“Best endeavours“

...ITIC's approach

ITIC makes it a condition of its insurance that its crew management Members use their best endeavours to be co-assured on their ship owners insurances. In applying this standard the Club has adopted the obligations its Members undertake in many standard form contracts, as terms requiring a party to “use their best endeavours“ are common in management contracts. One example is Clause 4.1 of “Shipman 98“, which applies this standard to the managers’ obligations to provide the agreed management services, which may include crew management. Other managers contract on the “Crewman“ agreement, which contains the same obligation in clause 2.3. The phrase is also frequently used in privately drafted agreements.

It has always been understood that “best endeavours“ is an attempt to provide a higher standard of commitment but one that falls short of an absolute obligation. It is an imprecise term and it is easier to identify conduct that falls short of the standard than provide a definition of the dividing line. What constitutes best endeavours is likely to vary according to the facts at the time. The English courts have however provided the following guidance:

(a) Best endeavours is “an obligation to take all those reasonable steps which a prudent and determined man, acting in his own interest and anxious to achieve the desired objective, would have taken“. That wording came from a case where one party was obliged to obtain planning permission.

(b) The standard of reasonableness (best endeavours) is that of “a reasonable and prudent Board of Directors, acting properly in the interests of their company.”

We certainly agree that there must be an element of reasonableness in the definition as it is not intended to impose unreasonable obligations upon a Member when it comes to co-assurance in relation to crew management. On the other hand the issue should not be treated lightly.

The importance of being co-assured on the P&I and hull and machinery cover of the owners depends on how the crew manager contracts in the supply of crew.

Where the crew manager is working on a “Crewman A – cost plus fee“ (or similar) contract, he is engaging the crew as agents for and on behalf of the owners. Subject to the affect of any applicable local legislation the owner would be the crew’s employer. The consequence of this is that any third party claimant would not be able to pursue the crew manager on the grounds of vicarious liability (i.e. that the manager is liable for the actions of the crew).

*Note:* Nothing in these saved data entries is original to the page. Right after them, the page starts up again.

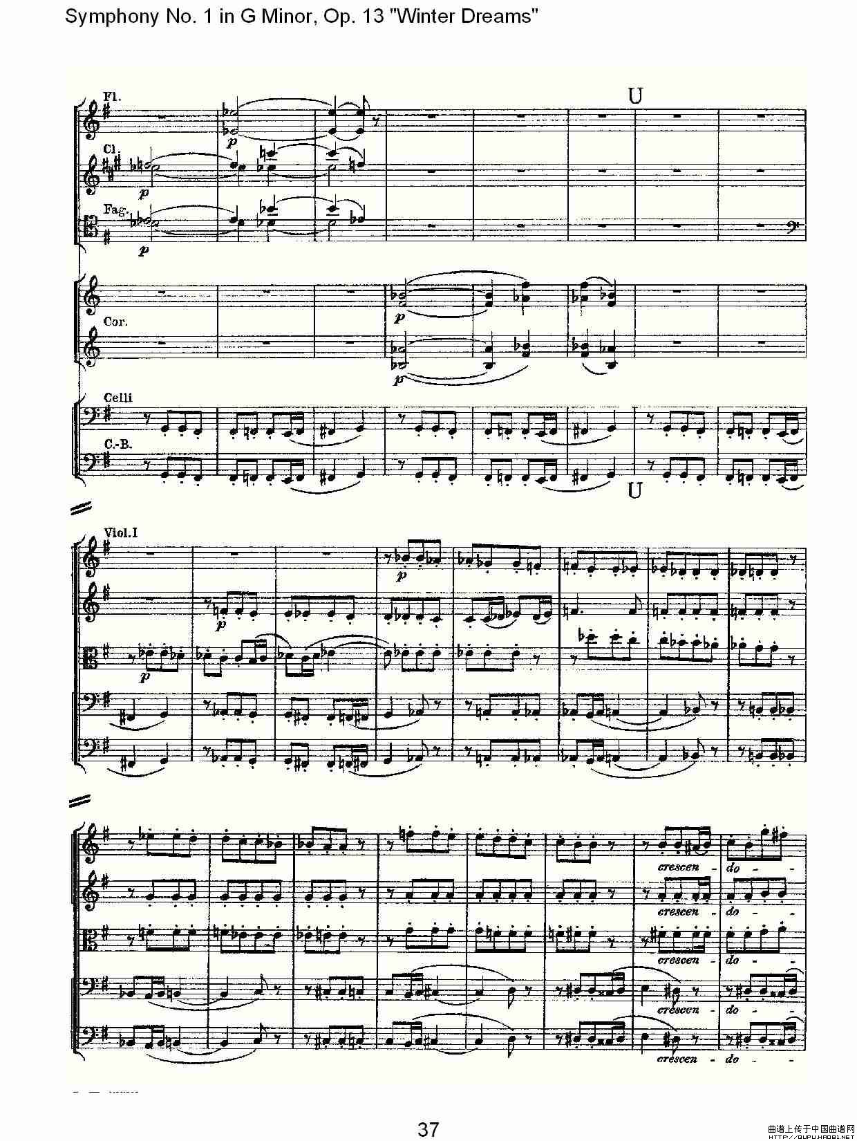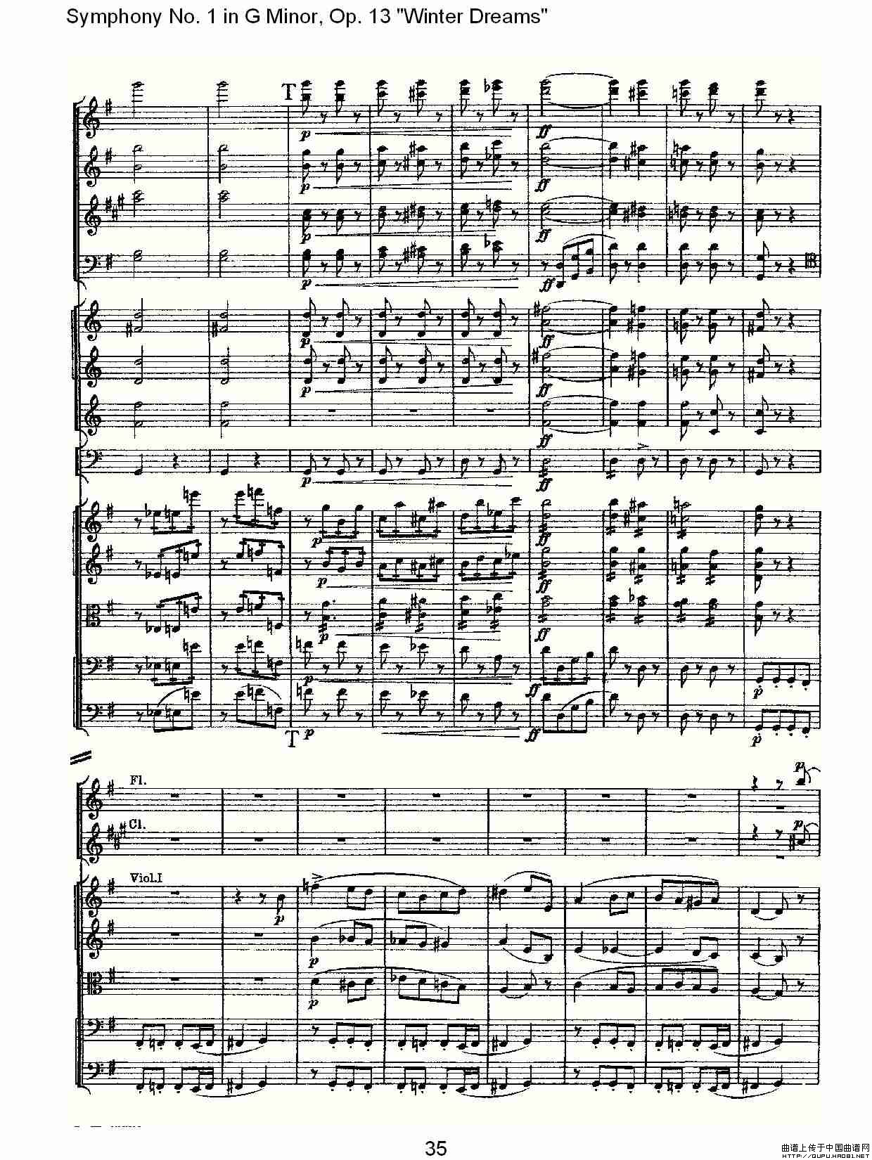 G小调第一交响曲, Op.13 冬天的梦幻Op.13第一乐章(二)相关五线谱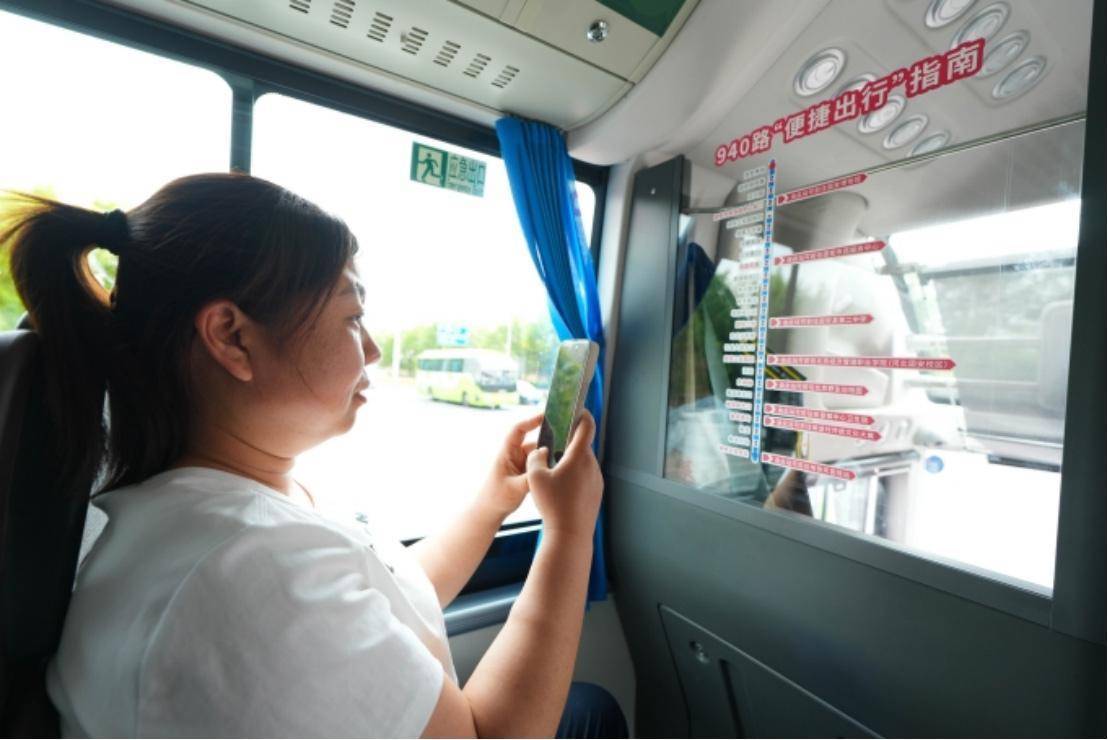 走进940路车厢,内壁张贴着清晰醒目的服务标识,上面详细标注沿线医院、学校、景点、地铁站等关键站点,乘客抬头即可看到目的地站位信息。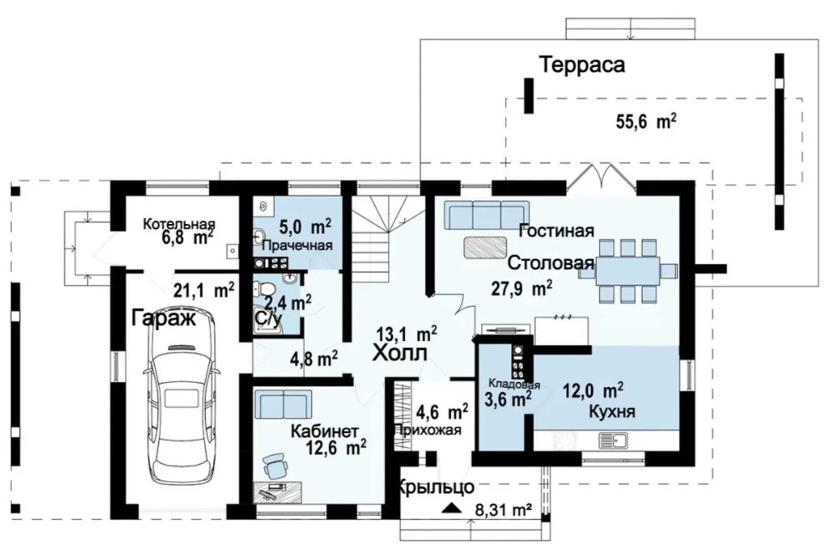 Заказать конусльтацию по:Дом с просторной террасой над гаражом S3-192-2 (Zx6)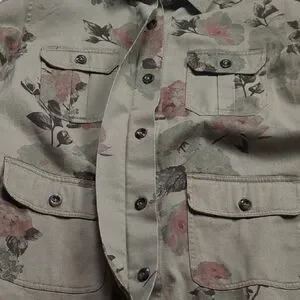 Chic utility jacket with floral accents. Ideal for a trendy look.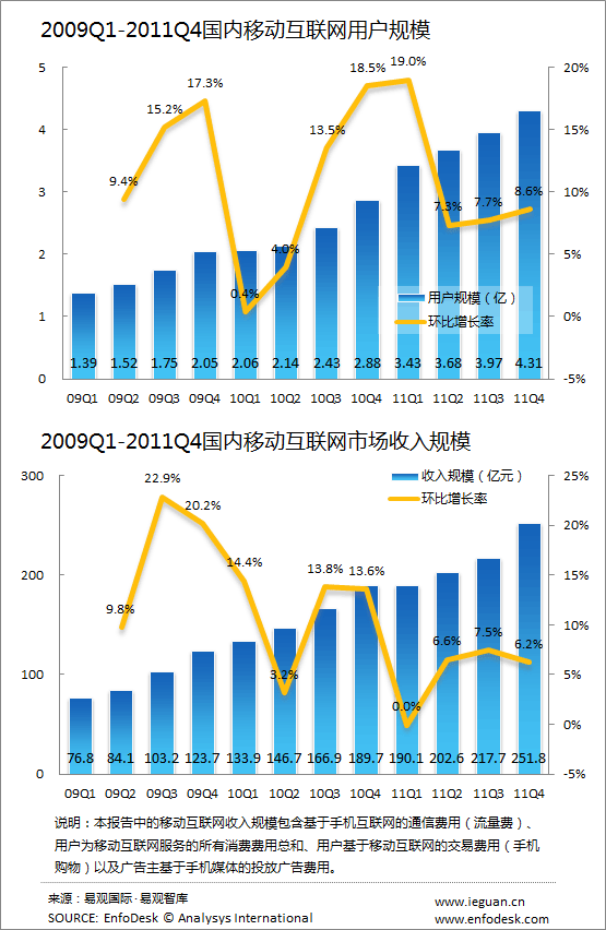 2011年國(guó)內(nèi)移動(dòng)互聯(lián)網(wǎng)用戶(hù)規(guī)模突破4億

If, however, the crew manager was operating on the basis of a “Crewman B – lump sum“ (or similar) contract, the position is different. He is then the employer of the crew and the risk of direct action by a third party on the grounds of vicarious liability is a very real one. In this situation in particular a crew manager would be very exposed if he did not have full P&I cover by way of co-assurance or otherwise. It would be wrong, however, to conclude that co-assurance is not necessary for those contracting on “Crewman A“. Third parties may not have grounds to sue the crew manager as the crew’s employer (although they may still try) but the owners or their insurers may bring a claim against the crew managers to recoup sums they have paid out. “Crewman“ contains an exclusion clause absolving the manager for the negligent acts of the crew. If the manager is not a co-assured on the policy there remains the possibility of a claim against him based on alleged negligence in the supply of crew (or even the supply of incompetent crew).

In considering the obligation of best endeavours ITIC also draws on the well-known insurance concept of acting as a “prudent uninsured“. In essence, if one assumes the manager had no cover from ITIC, what would a reasonable company do in terms of pursuing the owners and their underwriters if either of them did not agree to name the manager as a co-assured, or if the owners simply did not respond?

It is unlikely that simply requesting co-assurance and then not pursuing the owners for a response would constitute using best endeavours. But how far do Members need to go in order to assert that they have used their “best endeavours“? The answer will vary depending on the individual circumstances but it is important to remember that the Club’s managers are always available for discussion.

If it is clear that the hull underwriters will not name the crew manager as a co-assured no matter how hard they are pursued, the issue then becomes one of risk management. One obvious factor is the differing levels of risk attaching to the role of the manager as defined by the “Crewman A“ and “Crewman B“ contracts. Another is the track record of the owners and the history of their dealings with the managers. There is no single determining factor. Managers should certainly consider whether they are acting prudently in undertaking the management in these circumstances. If the manager can demonstrate that all avenues have been explored with the owners, including the possibility that they change their hull underwriter, the Club would be able to accept that the Member had used his best endeavours.

No doubt once the “Crewman“ contracts become more widely accepted (as “Shipman“ has been over the last 10 years), the issues of co-assurance, best endeavours, and crew negligence exclusions are likely to become less of a problem. It is unlikely that a simple, practical and all encompassing definition of “best endeavours“ will ever be found but the phrase clearly demonstrates a need to go beyond merely making an effort while at the same time not imposing an absolute duty to succeed.